Secondary infringement is there for those who only deal in infringing goods (eg books or DVDs) but weren't involved in the copying or publishing aspect, so for instance an importer, bookseller, library, website like eBay or a person who used go round pubs trying to sell fake DVDs of Hollywood movies. This is where UK law is slightly at odds with EU law, because the latter doesn't recognise the concept of secondary infringement per se. As you will be aware, the InfoSoc Directive (2001/29) refers to three distinct rights: the Reproduction Right (ie copying), the Right of Communication to the public which includes the making available right, and thirdly the Distribution Right. This last right largely encompasses what UK law calls secondary infringement dealing (section 23**). EU law doesn't specifically address any of the other species of secondary infringement (for instance importing infringing goods or owning etc the means for making infringing goods). Therefore if your hypothetical compilation became the subject of a legal complaint, the complainant's legal advisor would probably argue that because EU law has primacy, the court should treat all the alleged infringing acts (copying, publishing, marketing etc) as primary infringement leaving the defence team an uphill battle to argue that some acts were secondary in nature. This would normally be the case where several defendants were involved, with some of them only involved in the dealing aspect.
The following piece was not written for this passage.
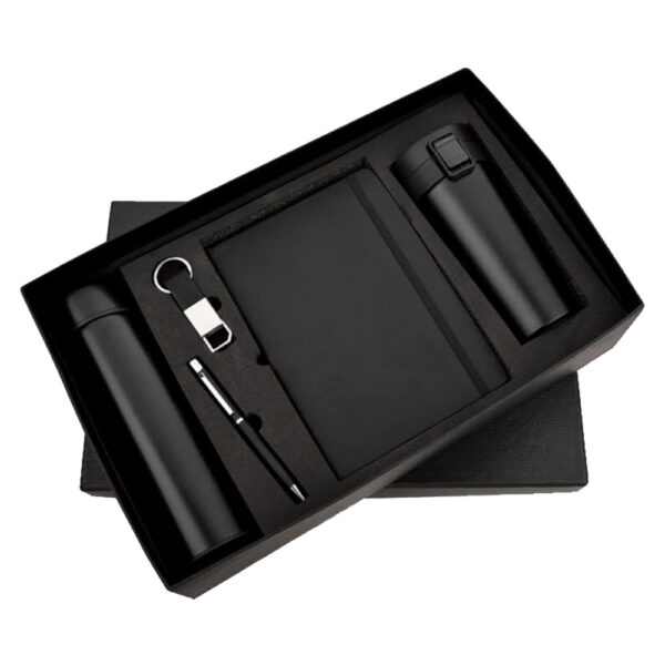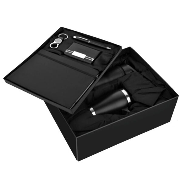 تمام اقلام در یک **جعبه هارد باکس** بسیار مجلل قرار میگیرند. این جعبه، خود با رنگ مشکی یا رنگ متضاد (مانند مشکی و نقرهای) طراحی میشود و تأثیر اولیه هدیه را در لحظه باز کردن چند برابر میکند.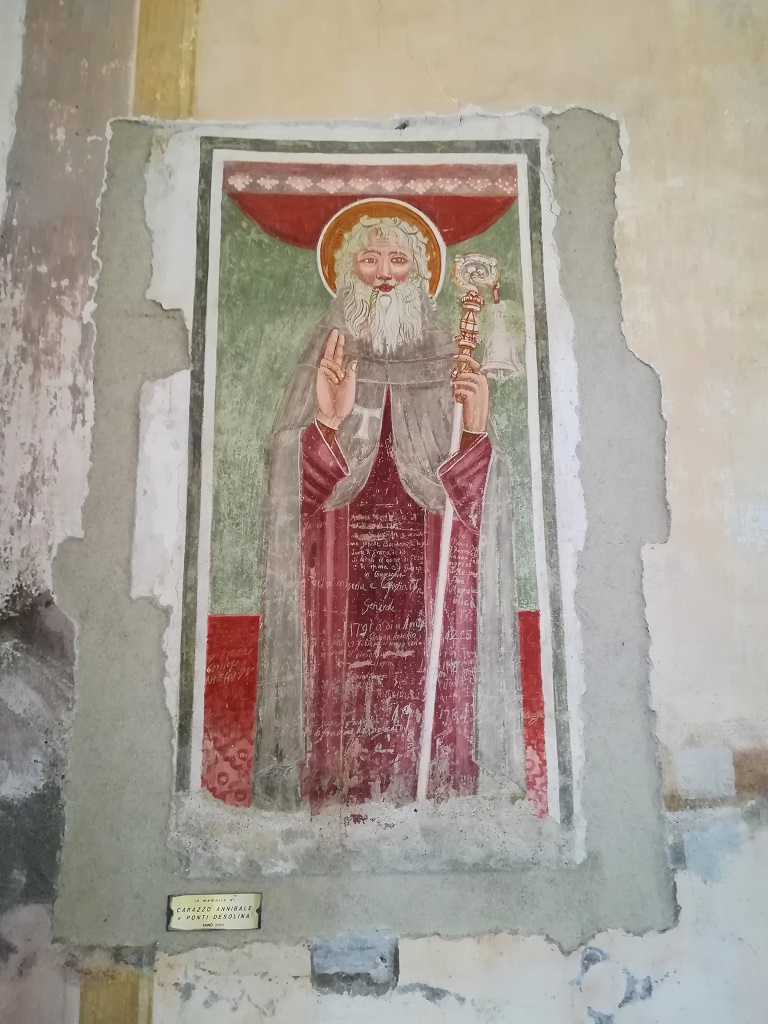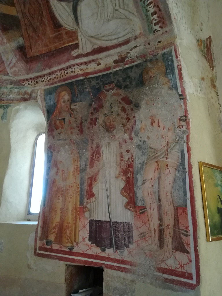 Interno: affreschi, tra cui una Madonna del Latte col Bambino, un San Sebastiano e San Dionisio con Santa Lucia e un Sant'Antonio Abate. |

The obvious benefit of getting the court to accept an argument in favour of secondary infringement is that it is not a strict liability issue as there is a defence of not knowing that the work was an infringing copy.

So moving on to your point about the person who made the collages. While they did this for their own private study purposes (or possibly educational purposes (see section 32), and the distribution was restricted to family members then section 29*** fair dealing would probably apply (technically speaking it would only apply if the collage maker had provided a credit to the original authors). However, as you point out the fair dealing exception would no longer apply once the collage was made available (by whatever means) to the 'public'. If the person who made the collage was not responsible and did not authorise this making available process, then I don't think they would be liable for infringement. However the author of compilation would be liable for primary infringement (ie publishing) and since this is a matter of strict liability, it is irrelevant whether this second person (the publisher) knew that the collage was an infringing work or not.

I hope this clarifies the issues a little.

Afternote
. As you are at law school, go to the library and take a look at chapter 15 of Laddie, Prescott and Vitoria The Modern Law of Copyright and Designs for a much deeper explanation of how Distribution Right and section 18 relate to each other and to secondary infringement.


* Note that section 18 has recently been amended by The Copyright and Related Rights (Marrakesh Treaty etc.)(Amendment) Regulations 2018 (SI 2018/995), and this is not yet reflected in the main text on the Legislation website. The amendment inserts a new subsection (2) as follows “(2) References in this Part to the issue to the public of copies of a work are to the act of putting into circulation in the United Kingdom copies not previously put into circulation in the EEA by or with the consent of the copyright owner.”

** The secondary infringement provisions formed part of the original Copyright Designs and Patents Act when it came into force. Since then this part of Chapter II has remained relatively unchanged despite the growing body of EU law which has had to be incorporated elsewhere in the Act

*** Again, technically speaking, section 29 does not comply with EU law, as such use should be accompanied by fair compensation to the rights holder. (see Article 5(2)(b) of the InfoSoc Directive).